As the deposits in the Tarnowskie Góry area were being depleted, mining operations began in the vicinity of Bytom. In 1863, Count Henckel von Donnersmarck, lord of Nakło Śląskie, obtained three mining concessions located in Dąbrowa Miejska: Neuhof, Rudolf, and Graf Lazy. Two years later, shaft sinking began, and mining commenced in 1881, which is considered the year the Nowy Dwór mine began operations. Originally, however, the Nowy Dwór mine was one of several separate facilities established in the mining fields controlled by the Donnersmarcks. It gradually took on its final form as a result of many mergers and consolidations with neighboring mining plants. The first of these took place in 1904, when the facilities previously active in the Neuhof, Rudolf, and Graf Lazy mining fields were merged. In 1936, further consolidation occurred when the nearby Neue Victoria, Fiedlersglück, and Wilhelmsglück mines were incorporated into Nowy Dwór mine.

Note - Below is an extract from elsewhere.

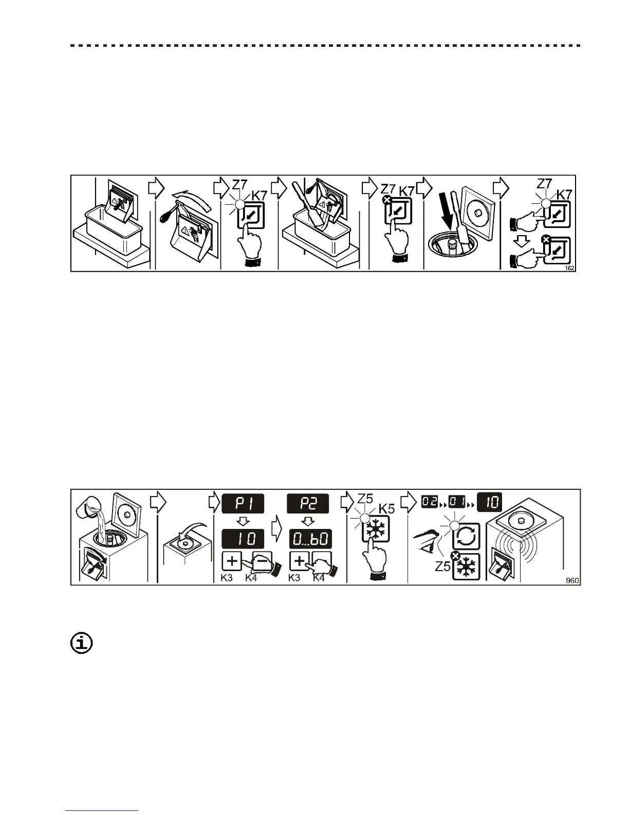 - wait the end of the functioning, signalled by the shutting down of the REFRIGERATION/WHIPPING indicator [Z5] and the

In 1885, a modern and highly efficient (by the standards of the time) ore washing plant was put into operation at the Nowy Dwór mine, capable of processing 250 tons of ore per day. The processing plant of the mine also served the Fiedlersglück mine, from which the ore was transported via a freight cable car.

In 1942, the mining area of the consolidated Neue Viktoria-Neuhof mine covered 2,972,041 m²; at that time, it had one production shaft and one ventilation shaft. It was then owned by Schlesische Bergwerks- und Hütten-Aktiengesellschaft, headquartered in Bytom. During World War II, the Nowy Dwór mine suffered significant damage. Due to its limited reserves and the low metal content in the ore extracted from it, it was not reopened until 1951, as mines with larger deposits of higher-quality ore had been reopened earlier. Mine waters in the Nowy Dwór area were contaminated from the surface with phenols that seeped into the workings. The same factors that led to the mine's late reconstruction also led to its ceasing independent operations on 1 January 1958 and its merger with the Ludwik Waryński Mining Plant. Another merger took place in August 1967, when the L. Waryński Mining Plant were merged with the Orzeł Biały Mining and Metallurgical Plant.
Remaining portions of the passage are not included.